My First Data Visualisation with StatsAPI
This is my first post, where to start? after working roughly 2 weeks with the STATS API I would like to share my experience.
As the way I see it, Empathy’s StatsAPI is aimed to process the data available in Empathy Search & Navigation eCommerce customers (queries, clicks, add2carts and all aspects of the search & navigation journey) and give insights, and shorten the distance between raw data and usable information.
Data, information and insights are not synonyms. Many companies struggle to make sense of their data, and create added value from their data investments, offering big data services is more than just collecting data, and this is where such tool does shine.
On the technical side, StatsAPI is divided in 2 parts: Reports and Exports.
From Reports by setting a list of filters and a timeframe we can get key metrics, such as Term Success that allows to calculate the “success” for queries, Top Queries that displays a list of most relevant queries , Opportunities to see how most relevant queries perform through time, or Distribution that allows to get global metrics (click count, findability, etc) for a specific timeframe (Hourly or Daily).
From Exports we can generate csv files directly based on the reports provided by the service.

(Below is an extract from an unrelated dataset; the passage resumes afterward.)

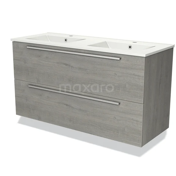 Modulo Bathroom furniture with sink | 120 cm Grey oak Flat front Ceramic 2 Stacked drawers

Said that, albeit heavily documented, there is space to extend these resources with examples on how to call each method, or documentation showing clearly what represents each uri parameter, or each field on the json response, this would give more independence to the creation of Reports and Visualisations on first arrival. In any case, the STATS API resources are growing as we speak with the help of these interactions with Jose Santorum (product owner) and Noelia Vigil (experienced colleague on STATS API development).
I have tried at some point to get the locations from the API, which is not available yet, after discussing it with the team, we decided to use the stores codes for each language as a proxy to the location with which I intend to compose some value geo-relations that although lack of the precision of true locations, serves as a work around to expand my experience and our understanding of what can be done and what needs to be done.